*Problem*
From the data below, return only the lines from the one with "Огромные клубы дама" through the one with "Charles Malik on", exact and inclusive, with pictures left out.

*Task inputs*
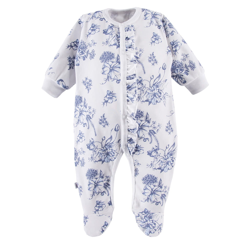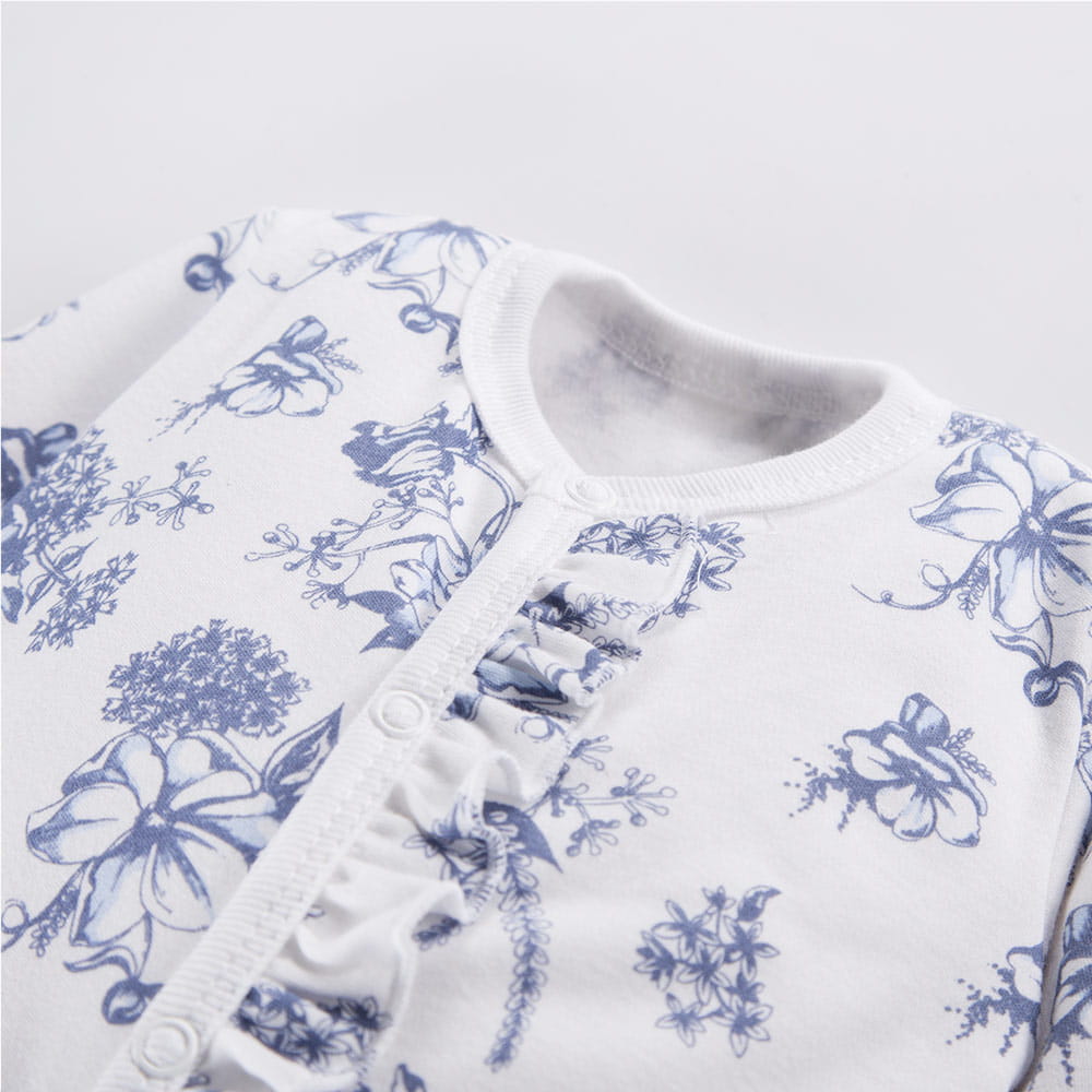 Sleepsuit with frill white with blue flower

---

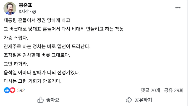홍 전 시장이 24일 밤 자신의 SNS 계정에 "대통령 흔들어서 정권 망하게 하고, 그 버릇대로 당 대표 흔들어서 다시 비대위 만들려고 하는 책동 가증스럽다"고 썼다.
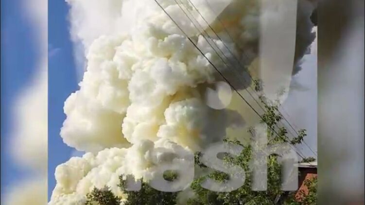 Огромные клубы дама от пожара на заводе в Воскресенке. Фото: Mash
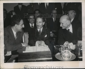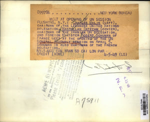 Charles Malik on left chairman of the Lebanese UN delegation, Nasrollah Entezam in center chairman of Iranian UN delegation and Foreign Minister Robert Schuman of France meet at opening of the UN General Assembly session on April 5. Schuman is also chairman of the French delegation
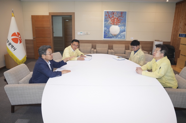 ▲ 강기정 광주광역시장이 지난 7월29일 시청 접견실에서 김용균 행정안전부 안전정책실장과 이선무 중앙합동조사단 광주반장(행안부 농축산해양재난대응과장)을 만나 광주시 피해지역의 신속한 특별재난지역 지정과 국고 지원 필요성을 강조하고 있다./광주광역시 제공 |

*Answer to this exercise*
 Огромные клубы дама от пожара на заводе в Воскресенке. Фото: Mash
 Charles Malik on left chairman of the Lebanese UN delegation, Nasrollah Entezam in center chairman of Iranian UN delegation and Foreign Minister Robert Schuman of France meet at opening of the UN General Assembly session on April 5. Schuman is also chairman of the French delegation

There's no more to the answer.